The Executive Board of Triodos Bank has drafted a Corporate Governance Code Statement in accordance with the Dutch Decree implementing further accounting standards for the content of annual reports dated 23 December 2004 (as amended on 20 March 2009). This statement forms part of the 2015 Annual Report and is valid as of its date.

Corporate Governance Code Statement Triodos Bank N.V.

This is a statement concerning corporate governance as referred to in article 2a of the Decree on additional requirements for annual reports as applicable to annual reports for financial book years starting on or after 1 January 2009 (the ‘Corporate Governance Code Decree’). A copy of the Dutch Corporate Governance Code can be downloaded here.

The information required to be included in the corporate governance statement as described in articles 3 and 3a of the Dutch Corporate Governance Code Decree can be found in the following chapters and sections of Triodos Bank’s 2015 Annual Report and is deemed to be included and repeated in this statement:

  • the information concerning compliance with the principles and best practices of the Dutch Corporate Governance Code, including conscious deviation from the compliance of the Dutch Corporate Governance Code, can be found in the Annual Report in the chapter ‘Corporate Governance’;
  • the information concerning the main features of the company’s internal control and risk management systems in relation to the financial reporting process of Triodos Bank and its group companies can be found in the Annual Accounts of the Annual Report in the chapter ‘Risk Management’;
  • the information regarding the operating of the general meeting and the authority and rights of the shareholders and holders of certificates of shares and how they can be exercised, can be found in the Annual Report in the ‘Corporate Governance’ chapter;
  • the information regarding the composition and operating of the Executive Board, the Supervisory Board and its Committees can be found in the ‘Corporate Governance’; ‘Executive Board Report’, and ‘Supervisory Board Report’ chapters in the Annual Report.

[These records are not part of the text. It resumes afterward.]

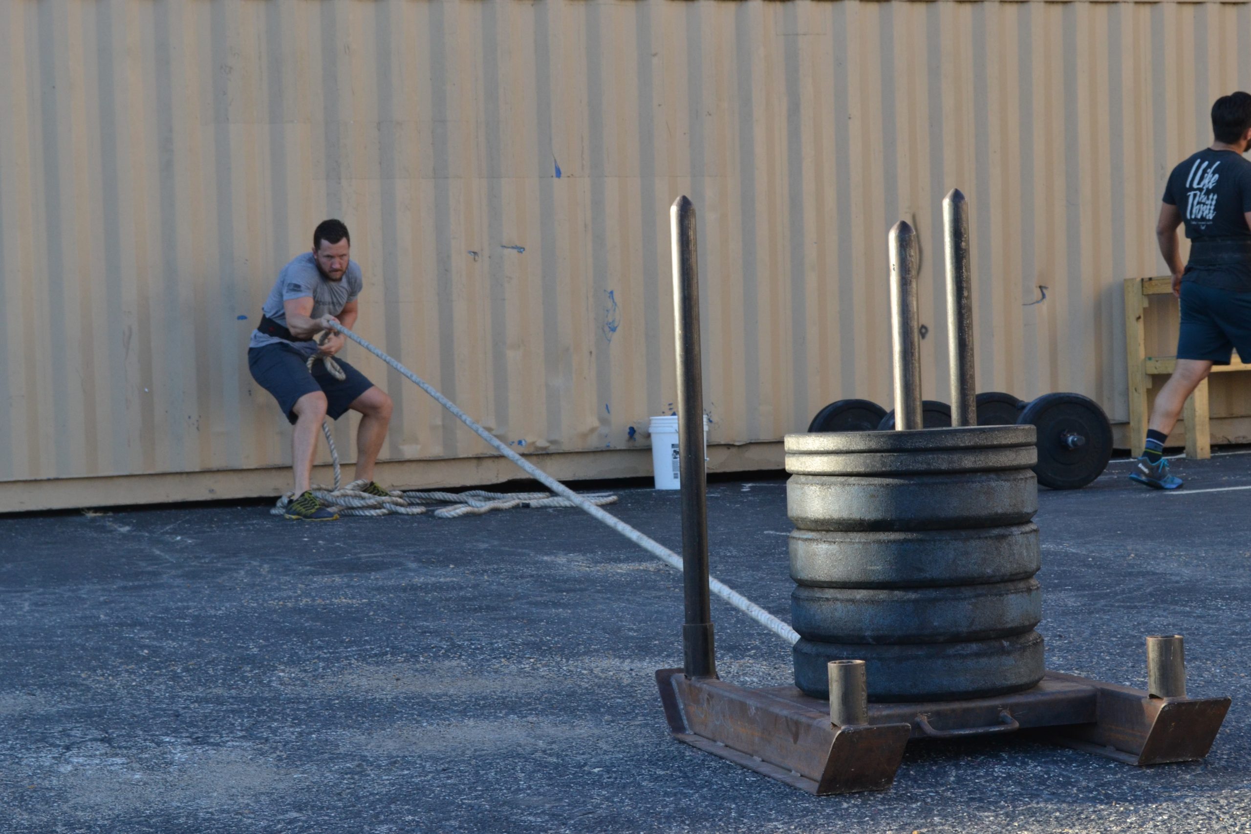 400m Run together 20 Alternating power clean (155/105) 25 Burpees with band 35 Partner WBS (20/14) 50 Slamball sit-ups (30/20) 35 Partner WBS 25 Burpees with band 20 Alternating power cleans 400m Run together
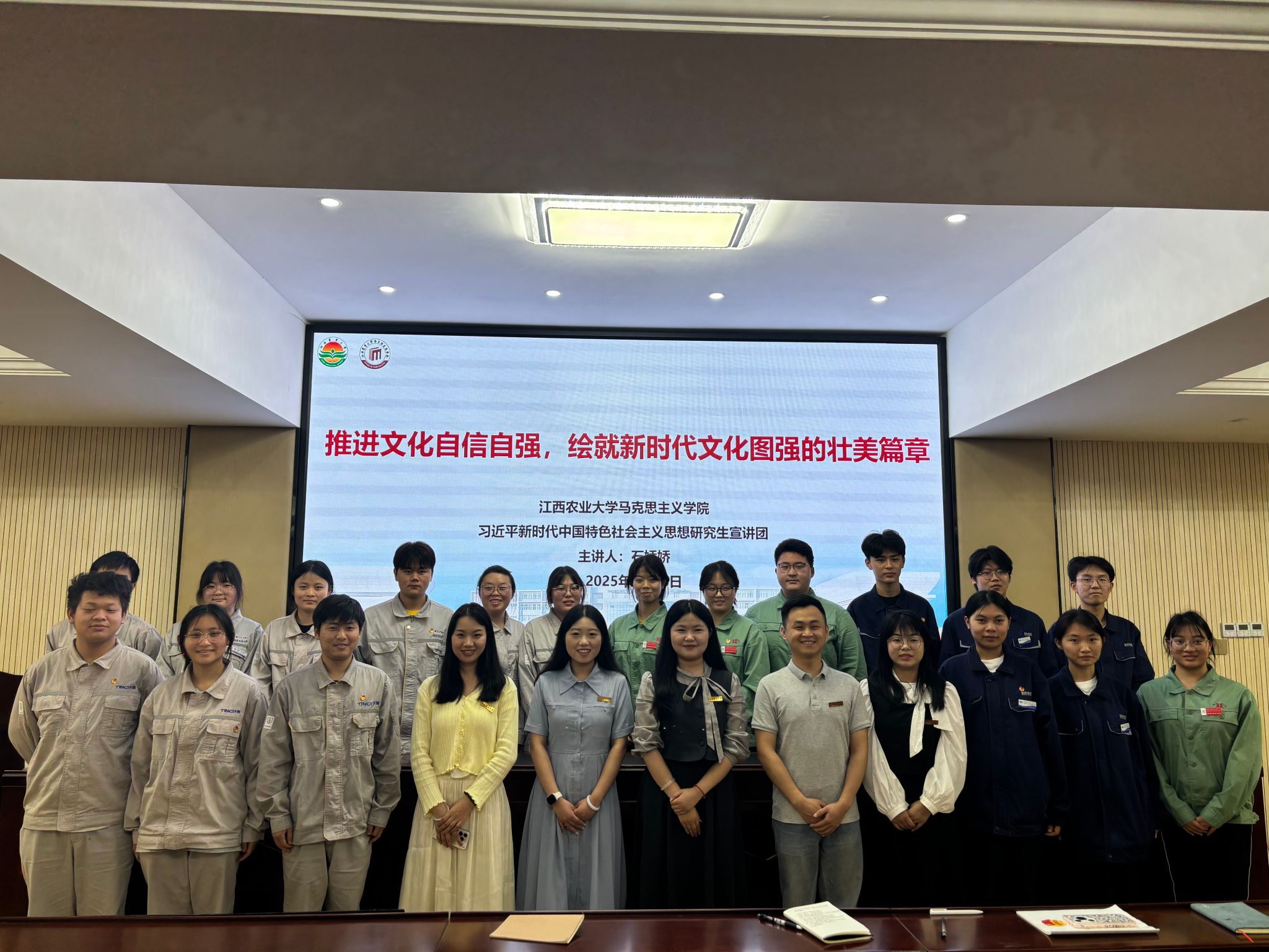 随后,宣讲团成员石娇娇以“推进文化自信自强,绘就新时代文化图强壮美篇章”为主题,依次从新时代推动文化自信自强的缘由、文化自信自强的底气根源、文化自信自强的具体表现、当代青年树立文化自信的途径四个方面展开宣讲。宣讲中,她借助生动的实例、详实的数据资料,深入浅出地阐释了习近平文化思想,并联系该校员工身边事例,鼓励新时代青年争当推动文化自信自强的先锋。该校团支部书记及24级员工代表共100余人全程参与聆听。本次宣讲活动加深了同学们对文化自信自强的认知,也让他们清楚认识到青年在推进文化自信自强进程中所肩负的重要职责与使命。
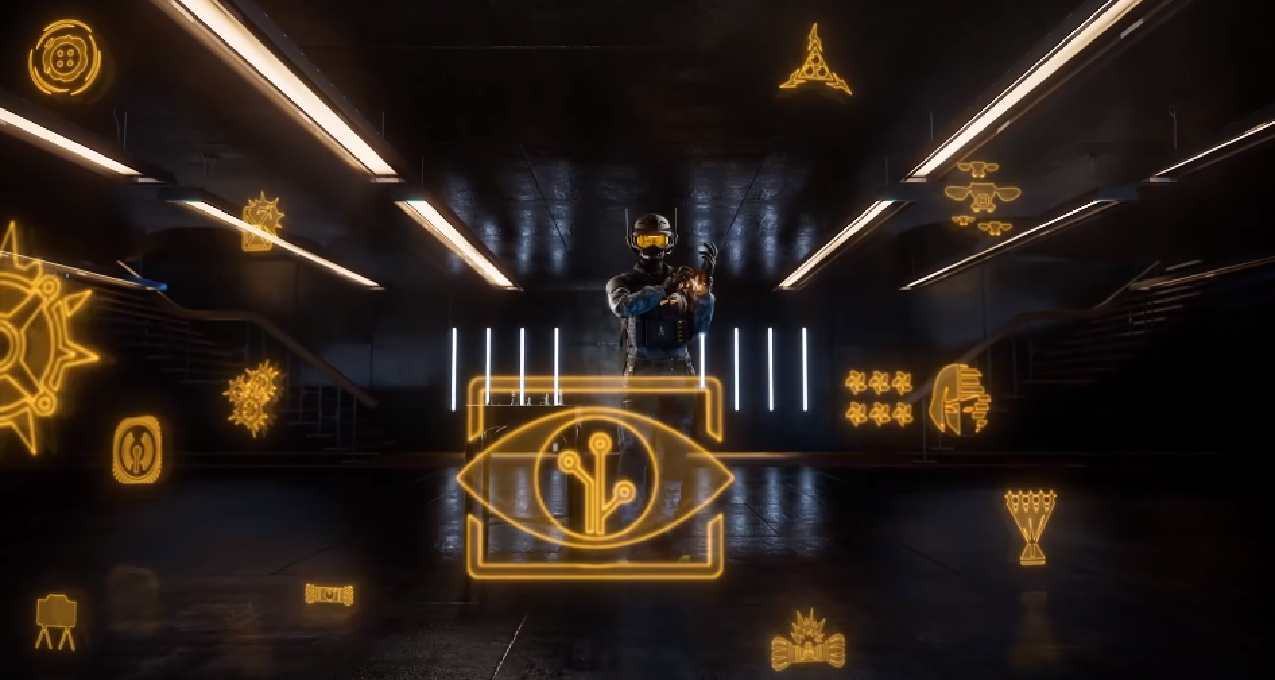通行证转变为了路线图式的升级方式。现在我们可以选择先解锁哪一项物品了,好耶!——虽然到底还是要打满的。图中“木板”图标表示的是锁住的节点,需要“贴片炸药”token来解锁。怎么说呢,R6s经典的拟物化设计,还行,有点意思。
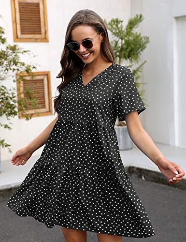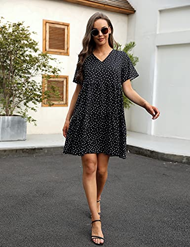 CHERFLY Vestito Foderato Donna Estivo Casual Abito Allentato Scollo V Manica Corta (Nero a Pois,M)
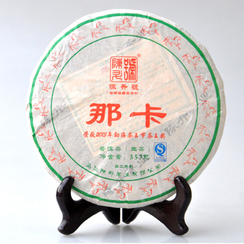 2014年陈升号 那卡 生茶 357克 饼,陈升号那卡精选勐海那卡茶山优质茶菁为原料,纯手工精制而成。饼型圆整,条索紧结黑亮,银毫显现,茶汤金黄透亮,香气馥郁持久,质优柔滑,茶韵清幽,回甘显著,余韵悠长,回味无穷,是一款“品味”与“品位”相得益彰的普洱茗品。
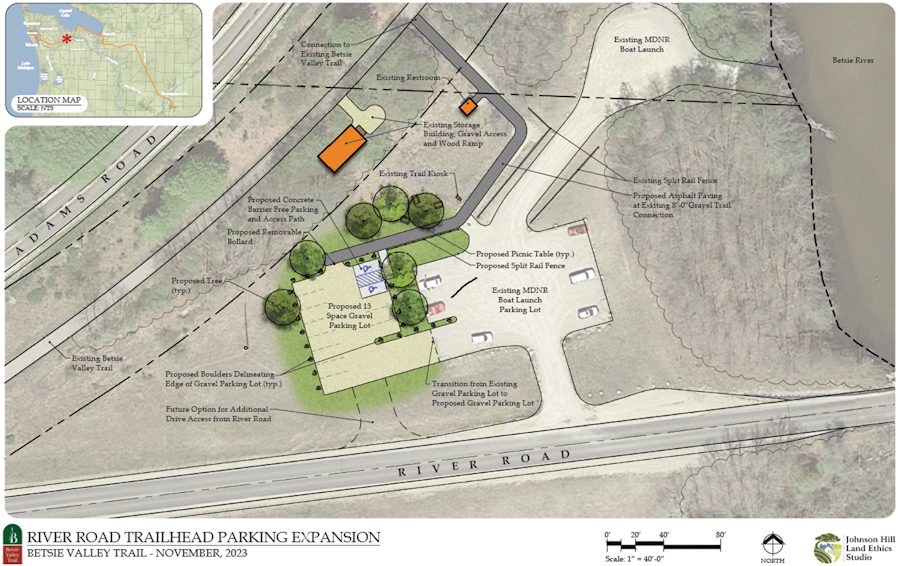 “We worked with both the trails and boating divisions within the DNR and we created a plan upgrade acceptable to both,” stated Jed Maker. “The current gravel space will be transformed to accommodate those with mobility challenges, while complementing the beauty of the Betsie Valley Trail. Included are two paved parking spots for disabled staging and paved walkways, each meeting ADA requirements. One of the parking spots will be designated for boaters accessing the Betsie River. The project will also include the installation of a Huff Cut precast concrete ADA compliant vault toilet. Other aspects of the project include the relocation of the existing entrance off River Road as well as some tree removal, new plantings and other beautification features.”
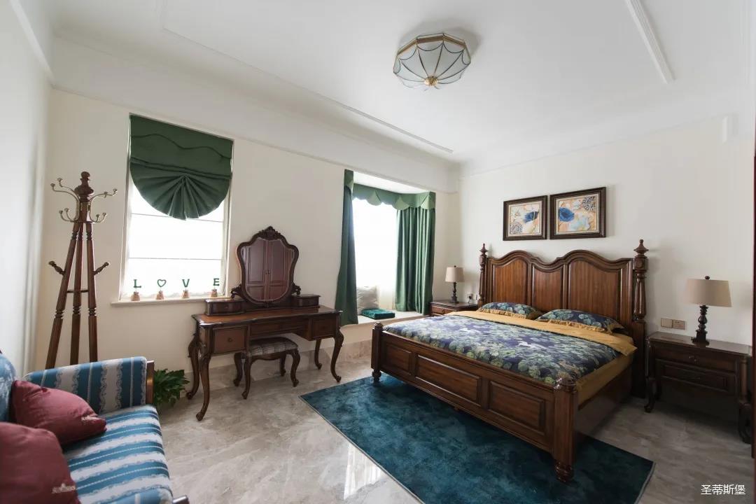 三楼是两间卧房,每一间卧室都有自己的特定属性。主人房端庄优雅,雍容尽显;墙面以简洁的美式石膏线修饰,波浪形的实木床屏上点缀着太阳形状的手工雕花,宛如海平面上刚出升的太阳,让整个空间色彩奔放。
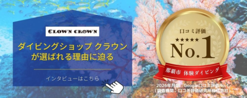 那覇市のダイビングショップ「クラウンクラウン」では、初心者向けの体験ダイビングからPADIライセンス取得コースまで幅広く対応。経験豊富なインストラクターが少人数制でサポートするため、初めての方も安心です。
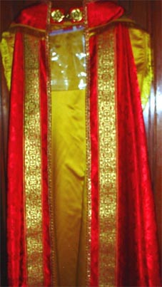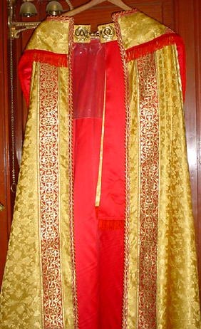 NEW SATIN BROCADE RED COPE Available in ALL colors. fully lined in gold satin. New gold plated broaches. Comes with matching stole. We can make this cope for a tall or short person according to the length you request. Also available matching humeral veil & burse for benediciton at extra cost. |

The information regarding the inclusion of the information required by the Decree Article 10 EU Takeover Directive, as required by article 3b of the Dutch Corporate Governance Code Decree, has not been included in this statement. This information is not relevant to Triodos Bank because the administrative conditions of Stichting Administratiekantoor Aandelen Triodos Bank (the foundation who owns 100% of the shares of Triodos Bank and who has issued depository receipts to investors) do not permit the holding of a nominal amount of depository receipts that together correspond to 10% or more of the entire issued capital of Triodos Bank.